Content starts
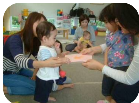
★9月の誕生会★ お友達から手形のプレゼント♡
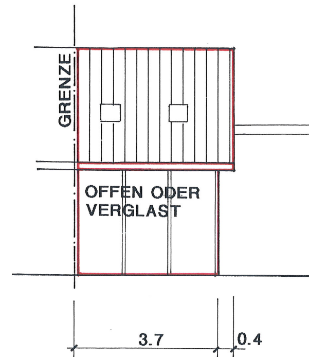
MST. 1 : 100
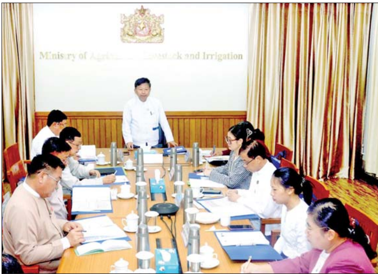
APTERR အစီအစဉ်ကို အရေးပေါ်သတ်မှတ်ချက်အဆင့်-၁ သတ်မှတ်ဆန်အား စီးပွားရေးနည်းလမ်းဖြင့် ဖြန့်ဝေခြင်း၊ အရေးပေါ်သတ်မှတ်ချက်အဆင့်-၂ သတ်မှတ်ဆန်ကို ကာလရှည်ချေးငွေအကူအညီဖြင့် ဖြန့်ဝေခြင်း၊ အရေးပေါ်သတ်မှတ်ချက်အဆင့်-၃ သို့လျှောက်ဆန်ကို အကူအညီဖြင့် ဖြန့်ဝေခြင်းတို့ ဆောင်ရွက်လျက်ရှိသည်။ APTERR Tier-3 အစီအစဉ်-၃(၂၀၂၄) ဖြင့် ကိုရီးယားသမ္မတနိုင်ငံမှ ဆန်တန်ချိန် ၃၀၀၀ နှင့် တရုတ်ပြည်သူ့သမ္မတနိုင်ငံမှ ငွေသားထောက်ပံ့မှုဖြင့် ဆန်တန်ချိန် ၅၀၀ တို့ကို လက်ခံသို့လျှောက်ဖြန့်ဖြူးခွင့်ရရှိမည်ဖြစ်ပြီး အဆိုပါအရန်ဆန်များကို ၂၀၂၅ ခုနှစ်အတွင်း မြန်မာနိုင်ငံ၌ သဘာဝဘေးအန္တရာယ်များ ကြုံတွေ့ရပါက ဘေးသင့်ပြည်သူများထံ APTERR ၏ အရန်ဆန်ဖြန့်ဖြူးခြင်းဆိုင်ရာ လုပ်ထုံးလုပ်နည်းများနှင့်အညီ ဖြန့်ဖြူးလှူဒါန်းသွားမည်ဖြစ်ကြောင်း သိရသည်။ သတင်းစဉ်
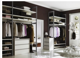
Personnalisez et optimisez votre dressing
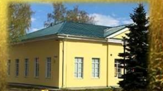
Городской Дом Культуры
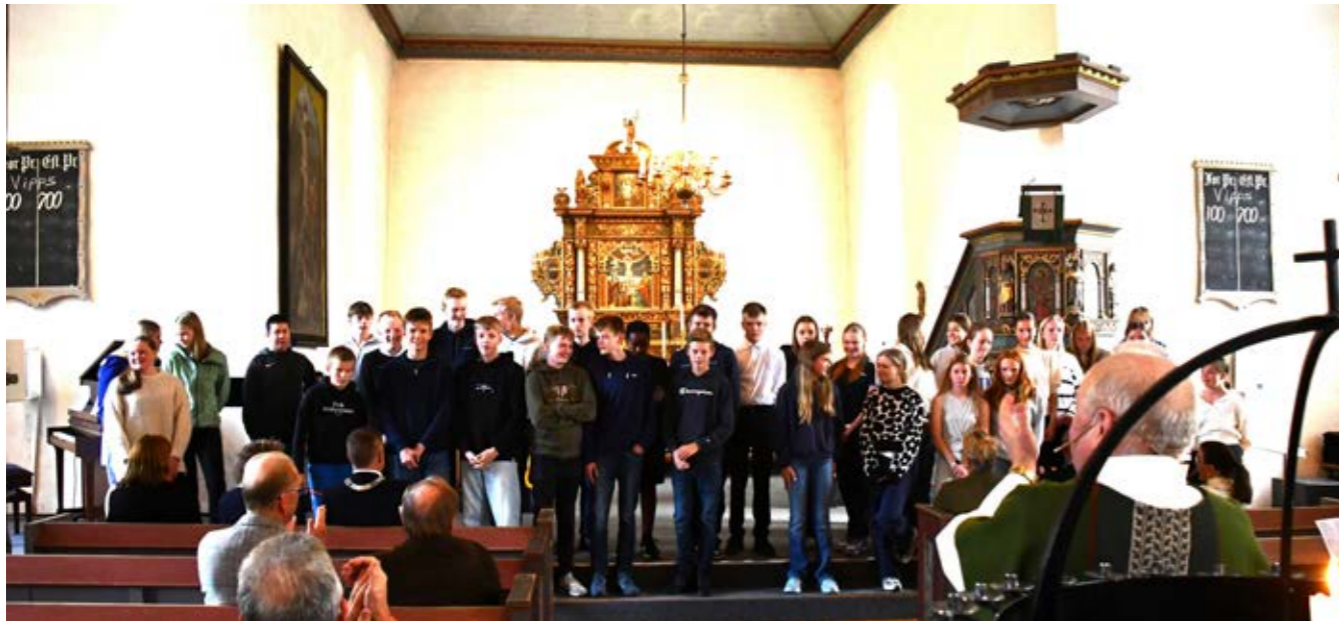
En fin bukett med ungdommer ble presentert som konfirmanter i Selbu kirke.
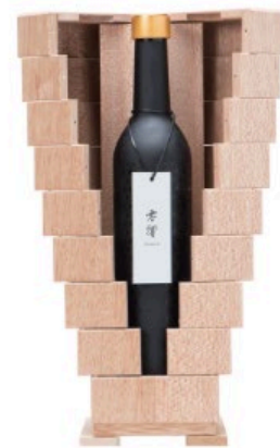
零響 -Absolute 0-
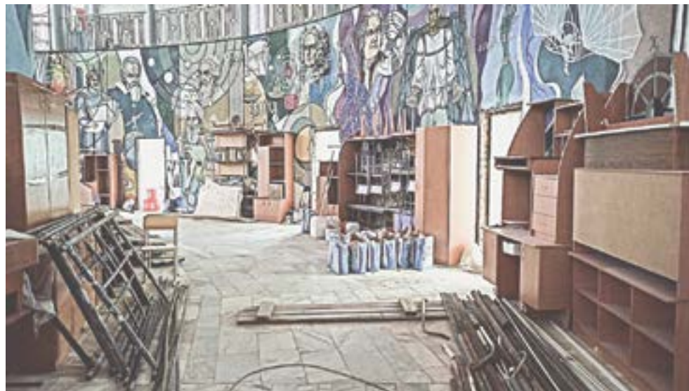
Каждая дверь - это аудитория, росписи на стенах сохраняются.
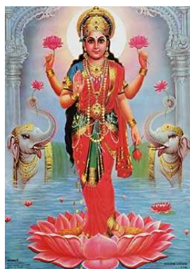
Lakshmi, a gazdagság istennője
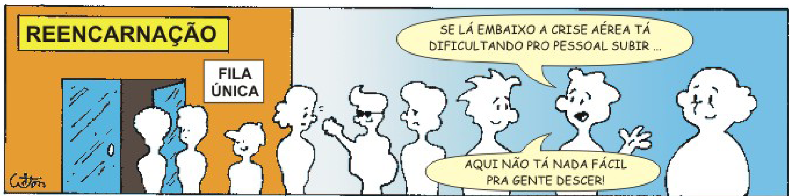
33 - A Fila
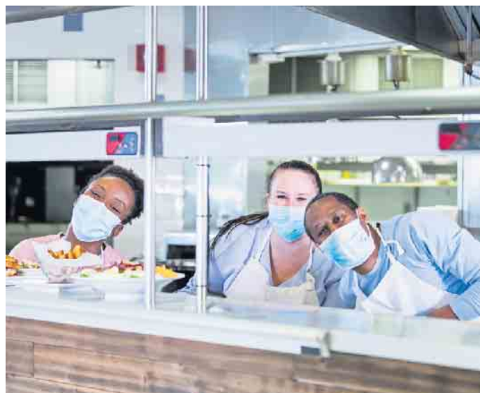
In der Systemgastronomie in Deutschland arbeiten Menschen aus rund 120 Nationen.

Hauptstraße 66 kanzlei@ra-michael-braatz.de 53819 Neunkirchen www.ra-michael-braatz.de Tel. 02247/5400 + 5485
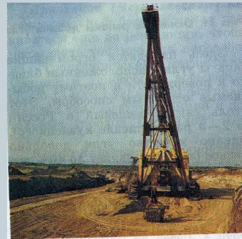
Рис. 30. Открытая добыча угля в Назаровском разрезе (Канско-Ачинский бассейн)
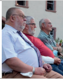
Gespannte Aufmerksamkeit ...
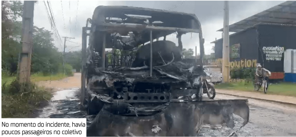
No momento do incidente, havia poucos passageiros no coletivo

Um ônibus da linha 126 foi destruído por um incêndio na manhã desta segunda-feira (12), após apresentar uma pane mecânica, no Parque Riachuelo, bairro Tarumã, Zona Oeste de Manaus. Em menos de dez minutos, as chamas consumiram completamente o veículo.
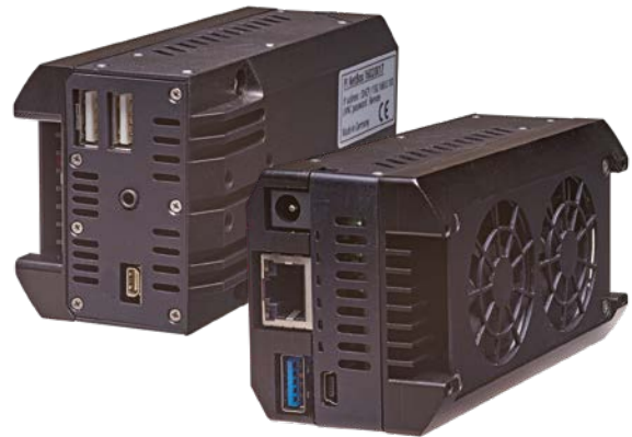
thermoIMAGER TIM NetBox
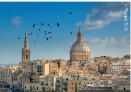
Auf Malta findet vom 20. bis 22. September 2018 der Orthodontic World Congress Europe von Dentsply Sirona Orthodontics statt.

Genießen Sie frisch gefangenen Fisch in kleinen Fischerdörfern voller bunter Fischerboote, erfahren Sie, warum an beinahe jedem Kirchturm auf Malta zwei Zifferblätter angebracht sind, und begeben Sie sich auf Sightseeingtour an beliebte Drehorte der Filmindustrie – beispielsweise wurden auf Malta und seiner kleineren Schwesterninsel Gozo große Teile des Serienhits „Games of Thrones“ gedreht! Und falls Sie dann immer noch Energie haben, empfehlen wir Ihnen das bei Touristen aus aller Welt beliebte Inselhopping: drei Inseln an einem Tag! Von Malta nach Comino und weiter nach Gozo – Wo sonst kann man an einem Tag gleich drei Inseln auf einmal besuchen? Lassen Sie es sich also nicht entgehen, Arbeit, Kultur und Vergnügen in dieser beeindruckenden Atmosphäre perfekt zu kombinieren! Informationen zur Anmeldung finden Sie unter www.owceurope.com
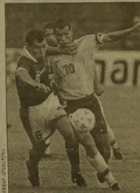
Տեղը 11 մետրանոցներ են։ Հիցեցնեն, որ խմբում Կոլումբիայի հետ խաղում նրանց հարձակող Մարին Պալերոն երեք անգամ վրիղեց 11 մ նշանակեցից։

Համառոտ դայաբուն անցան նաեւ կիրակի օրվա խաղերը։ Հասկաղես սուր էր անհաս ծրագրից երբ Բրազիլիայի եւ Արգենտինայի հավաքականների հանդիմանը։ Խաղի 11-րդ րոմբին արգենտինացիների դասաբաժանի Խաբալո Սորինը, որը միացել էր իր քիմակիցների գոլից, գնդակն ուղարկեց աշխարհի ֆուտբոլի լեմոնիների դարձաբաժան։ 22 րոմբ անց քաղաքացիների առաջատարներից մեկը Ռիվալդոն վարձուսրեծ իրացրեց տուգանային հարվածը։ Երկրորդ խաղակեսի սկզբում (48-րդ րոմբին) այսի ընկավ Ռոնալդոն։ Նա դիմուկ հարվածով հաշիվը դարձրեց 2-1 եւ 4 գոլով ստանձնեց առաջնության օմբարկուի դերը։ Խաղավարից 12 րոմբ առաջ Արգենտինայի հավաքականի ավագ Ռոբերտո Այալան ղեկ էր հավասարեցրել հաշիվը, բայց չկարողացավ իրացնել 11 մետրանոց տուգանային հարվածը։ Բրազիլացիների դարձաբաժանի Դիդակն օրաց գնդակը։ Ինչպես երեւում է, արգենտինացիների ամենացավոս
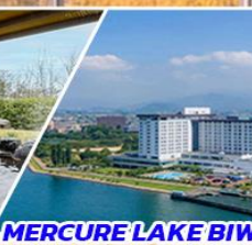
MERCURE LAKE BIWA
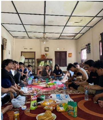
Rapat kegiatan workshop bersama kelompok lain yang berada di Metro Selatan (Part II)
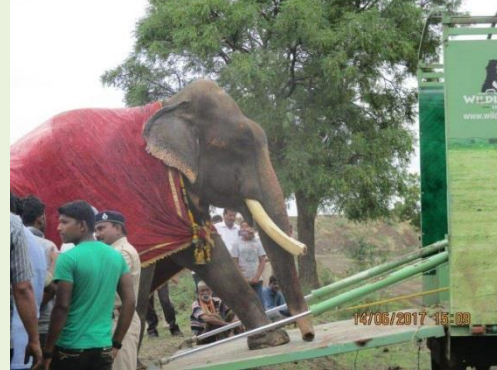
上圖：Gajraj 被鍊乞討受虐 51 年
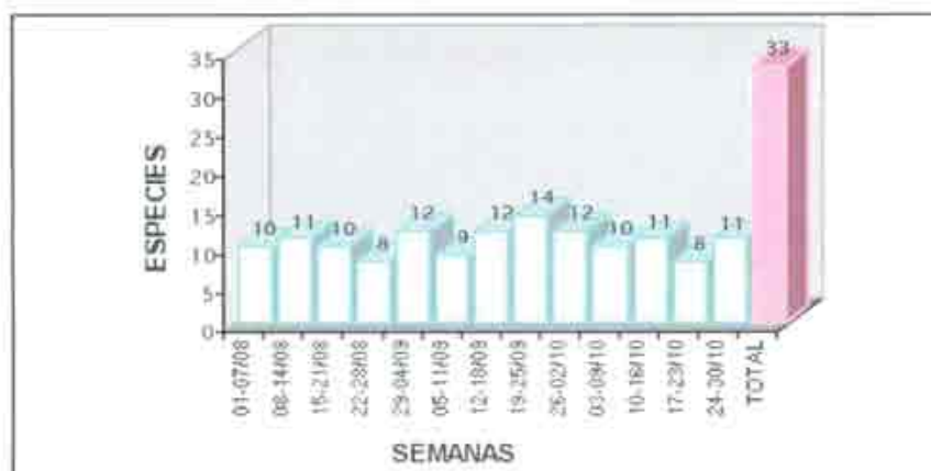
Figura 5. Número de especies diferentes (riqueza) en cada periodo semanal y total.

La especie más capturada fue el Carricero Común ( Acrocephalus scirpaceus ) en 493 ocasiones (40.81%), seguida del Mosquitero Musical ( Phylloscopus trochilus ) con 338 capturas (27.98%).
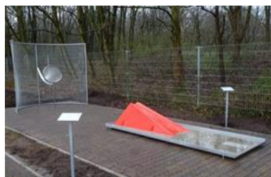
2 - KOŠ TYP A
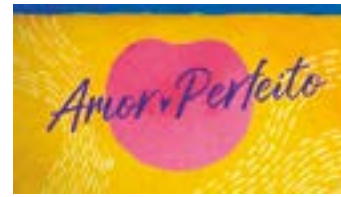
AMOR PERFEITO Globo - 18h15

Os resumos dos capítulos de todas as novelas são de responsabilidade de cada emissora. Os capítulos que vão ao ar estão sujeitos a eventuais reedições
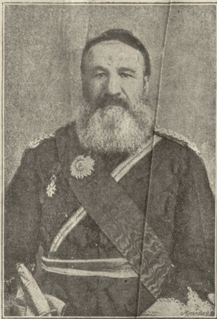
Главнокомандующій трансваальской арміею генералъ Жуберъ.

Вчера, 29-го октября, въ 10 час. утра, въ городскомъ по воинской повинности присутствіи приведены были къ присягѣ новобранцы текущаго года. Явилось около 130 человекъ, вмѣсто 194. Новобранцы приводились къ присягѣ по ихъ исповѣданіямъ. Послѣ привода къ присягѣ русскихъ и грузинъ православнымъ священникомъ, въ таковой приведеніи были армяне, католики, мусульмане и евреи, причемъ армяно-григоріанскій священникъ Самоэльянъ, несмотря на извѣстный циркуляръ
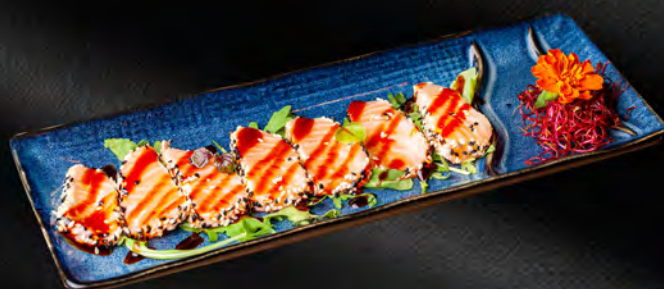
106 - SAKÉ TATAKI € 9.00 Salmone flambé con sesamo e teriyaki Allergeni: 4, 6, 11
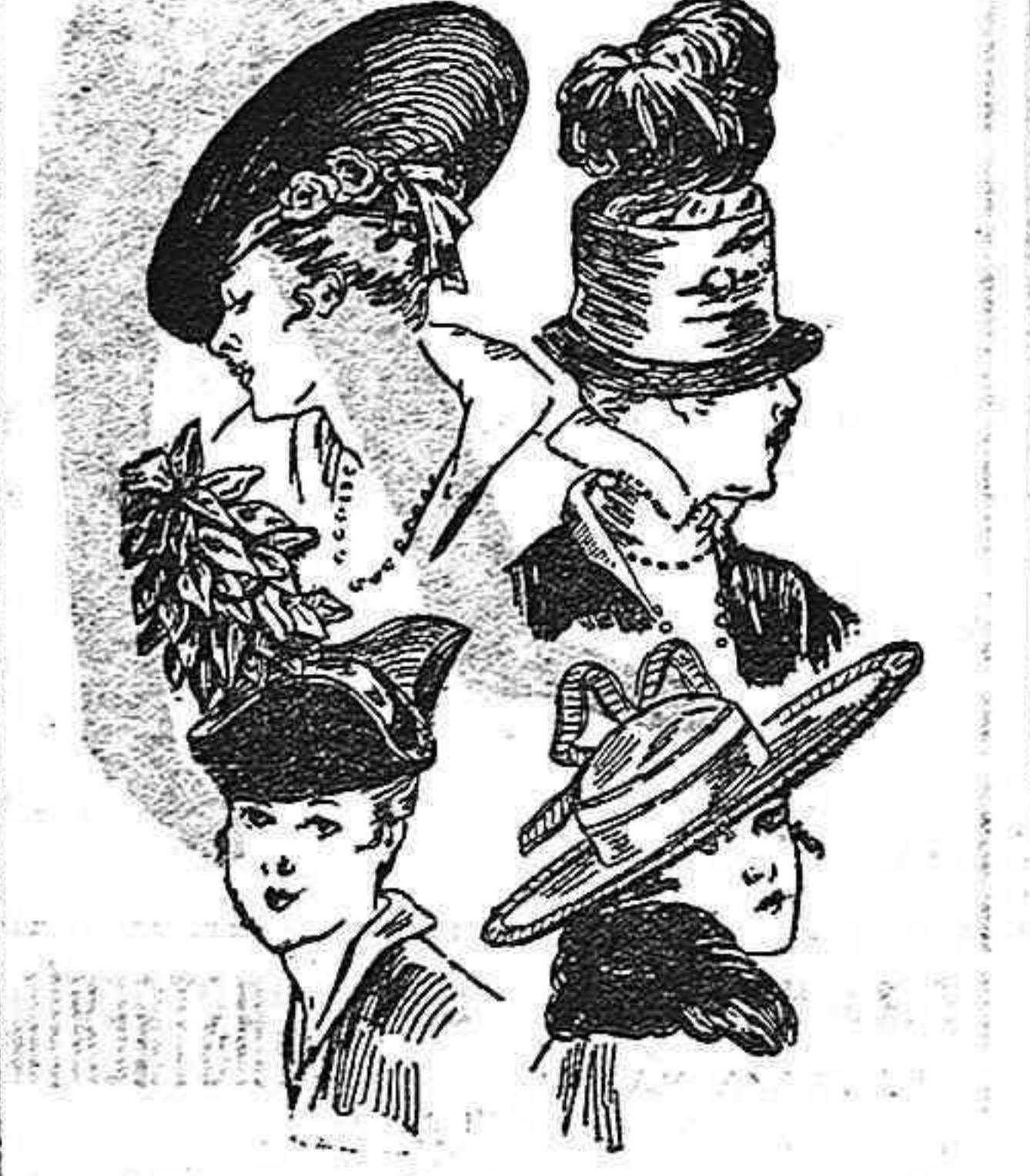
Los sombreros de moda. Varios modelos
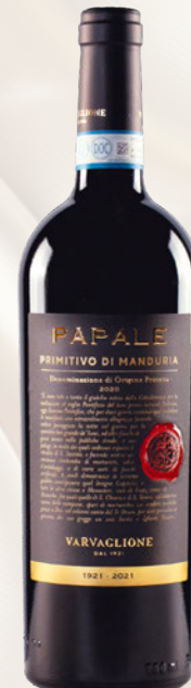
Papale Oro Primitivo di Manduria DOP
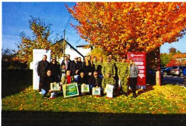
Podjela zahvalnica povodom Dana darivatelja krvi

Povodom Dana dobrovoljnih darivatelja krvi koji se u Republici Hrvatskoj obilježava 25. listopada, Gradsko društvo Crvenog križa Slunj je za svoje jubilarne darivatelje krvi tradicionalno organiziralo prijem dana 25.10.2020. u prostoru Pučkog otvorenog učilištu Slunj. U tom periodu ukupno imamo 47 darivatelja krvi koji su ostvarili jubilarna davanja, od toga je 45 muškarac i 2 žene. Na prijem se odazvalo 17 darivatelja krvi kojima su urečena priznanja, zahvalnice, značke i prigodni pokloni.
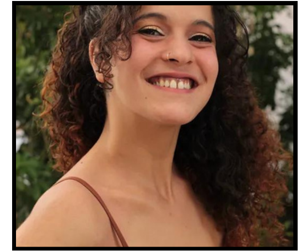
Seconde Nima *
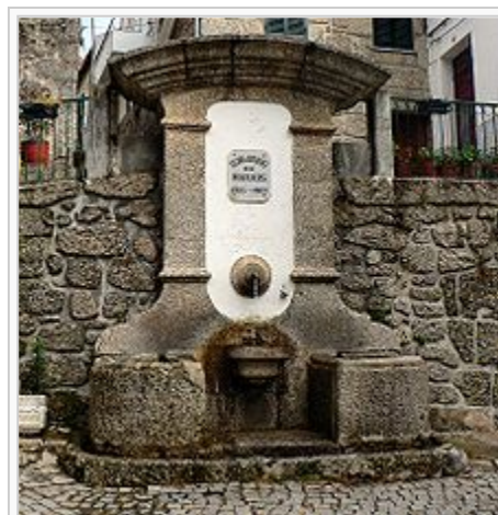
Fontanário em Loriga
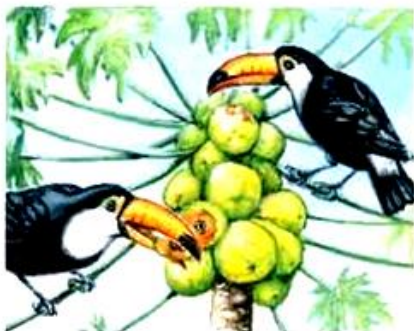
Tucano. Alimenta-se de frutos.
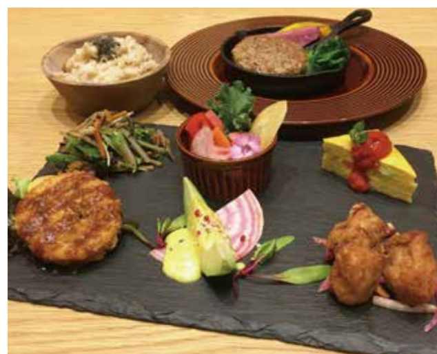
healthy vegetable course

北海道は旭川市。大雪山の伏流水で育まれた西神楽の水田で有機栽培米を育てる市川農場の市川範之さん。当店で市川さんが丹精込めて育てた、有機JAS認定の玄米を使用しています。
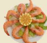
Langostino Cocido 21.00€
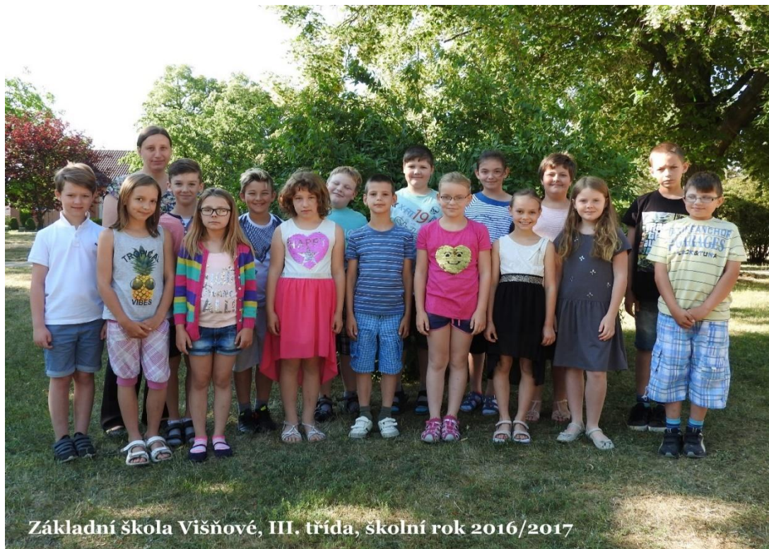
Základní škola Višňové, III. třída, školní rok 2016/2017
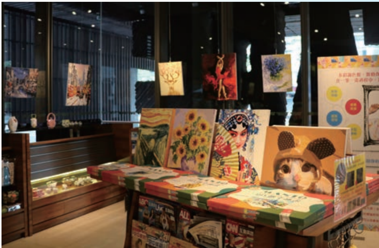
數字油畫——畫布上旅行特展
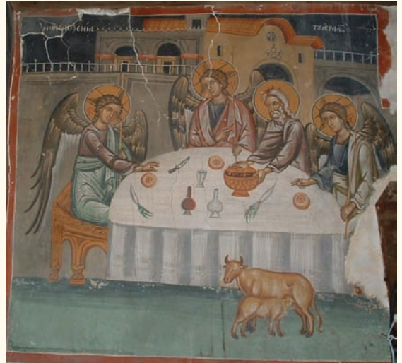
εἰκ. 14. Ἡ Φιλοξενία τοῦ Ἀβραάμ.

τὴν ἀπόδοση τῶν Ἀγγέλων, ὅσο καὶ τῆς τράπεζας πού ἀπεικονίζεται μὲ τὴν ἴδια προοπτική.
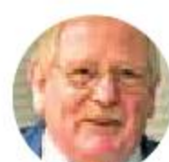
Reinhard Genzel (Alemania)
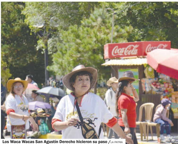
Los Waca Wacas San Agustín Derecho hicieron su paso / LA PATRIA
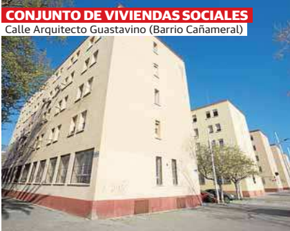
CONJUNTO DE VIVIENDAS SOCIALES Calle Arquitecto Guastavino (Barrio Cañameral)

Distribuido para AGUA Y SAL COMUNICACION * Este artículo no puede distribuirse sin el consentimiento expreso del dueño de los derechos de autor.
Content ends
Exercise aim =
Only the lines starting at the one with "33 - A Fila" and ending at the one with "No momento do" should be printed, each exactly as it appears in the material above; the pictures are to be omitted.

Written response =
33 - A Fila
In der Systemgastronomie in Deutschland arbeiten Menschen aus rund 120 Nationen.

Hauptstraße 66 kanzlei@ra-michael-braatz.de 53819 Neunkirchen www.ra-michael-braatz.de Tel. 02247/5400 + 5485
Рис. 30. Открытая добыча угля в Назаровском разрезе (Канско-Ачинский бассейн)
Gespannte Aufmerksamkeit ...
No momento do incidente, havia poucos passageiros no coletivo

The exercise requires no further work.